Por Patrícia Kishimoto
Quando alguém tem a oportunidade de conversar com quem é da Amazônia, logo percebe uma fala empolgada, cheia de amor e orgulho. Empolgada porque não é sempre que nos dão espaço para falar desse pedaço de Brasil que o próprio brasileiro desconhece. Cheia de amor e orgulho, porque queremos que todos conheçam nossas tradições, cultura e o modo de viver do amazônida.
Por isso, a 30ª Conferência das Nações Unidas sobre Mudança do Clima (COP30) tem sido uma ótima vitrine para o Pará e o Amazonas. Os estados hoje funcionam como principais portas de entrada para a Amazônia e já percebem um movimento diferente.
De acordo com levantamento do Ministério do Turismo, em parceria com a Embratur e a Polícia Federal, o Pará recebeu 10.659 turistas estrangeiros nos cinco primeiros meses de 2025, um aumento de 27% em relação ao mesmo período de 2024, quando o estado contabilizou 8.388 visitantes. Já o Amazonas registrou 14.653 turistas internacionais, frente a 12.347 no ano anterior, o que representa um crescimento de 18,7%.
Polêmicas à parte sobre a estrutura de Belém para receber um evento desse calibre e os preços superinflados, a COP30 é uma oportunidade para que brasileiros e estrangeiros façam uma breve imersão na cultura regional, conheçam e apreciem pratos como o autêntico tacacá. De origem indígena, a iguaria é servida em uma cuia e produzida a partir de dois derivados da mandioca – caldo de tucupi e goma de tapioca -, camarão seco e jambu, uma erva que causa uma leve dormência na boca, consumido geralmente no final da tarde e preparado com maestria pelas “tacacazeiras”. É uma tradição cultural paraense e reproduzida em toda a Região Norte, cada estado com sua própria receita, mas sempre respeitando a base de preparo.
Será uma chance também de provar o verdadeiro açaí, alimento que ganhou popularidade nos últimos anos no restante do Brasil e do mundo por suas propriedades nutritivas.
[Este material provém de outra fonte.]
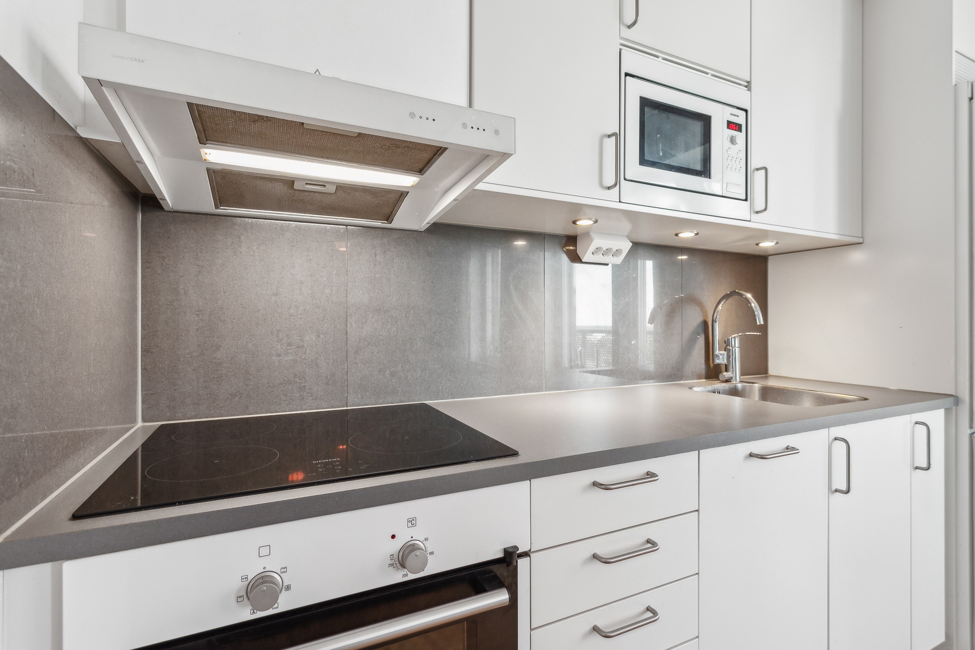 Allrummet rymmer lätt en stor säng, soffa, mediamöbel och då det är en öppen planlösning mot köket finns det även plats för matbord. Via balkongdörren så når man den stora balkongen om ca 7 m² med sol från kl 14. Köket är från Marbodal med praktisk förvaring, induktionshäll, spisfläkt, kyl/frys, inbyggnadsugn samt inbyggnadsmikro. Rejäl enkelho och matchande kakel som fungerar som stänkskydd. Infälld belysning i överskåpen ger bra arbetsbelysning. Ekparkettgolv samt vitmålade väggar.

O Pará é o principal produtor, responsável por mais de 90% da produção mundial. Seu cultivo está concentrado em pequenos municípios como Igarapé-Miri, Cametá e Abaetetuba e é importante para a geração de emprego, renda e economia local em comunidades rurais, que também funcionam como guardiãs da floresta e são as mais afetadas, ou as primeiras a sentirem na pele, as mudanças climáticas.
Quem conseguir sair um pouco de Belém e visitar comunidades ribeirinhas, quilombolas e tantas outras, conhecerá um modo de vida simples, sem muitas das comodidades das grandes cidades, desafiante em diversos momentos, mas extremamente rico em saberes adquiridos da observação, da vivência diária com a floresta. Povos que são importantes para manter a Amazônia viva, em pé, mas sempre ficam de fora das grandes discussões e das decisões sobre essa mesma Amazônia.
Sendo assim, a COP30 transcende a importância de ser apenas um palco de discussões climáticas globais, configurando-se como uma vitrine crucial para a Amazônia, que se abre ao Brasil e ao mundo. A conferência não só impulsiona o turismo e a economia local, como oferece uma imersão cultural rica. É uma oportunidade ímpar para valorizar a voz, a cultura e o modo de vida do amazônida, essenciais para a conservação da maior biodiversidade do mundo, garantindo que suas tradições e o papel vital dessas comunidades na luta contra as mudanças climáticas ganhem o merecido destaque e participação nas decisões futuras.
Patrícia Kishimoto é analista de comunicação sênior na Imagem Corporativa. Jornalista formada pela Universidade Federal do Amazonas, cresceu e viveu em Manaus por mais de 20 anos, para onde viaja anualmente para renovar sua conexão com a Amazônia.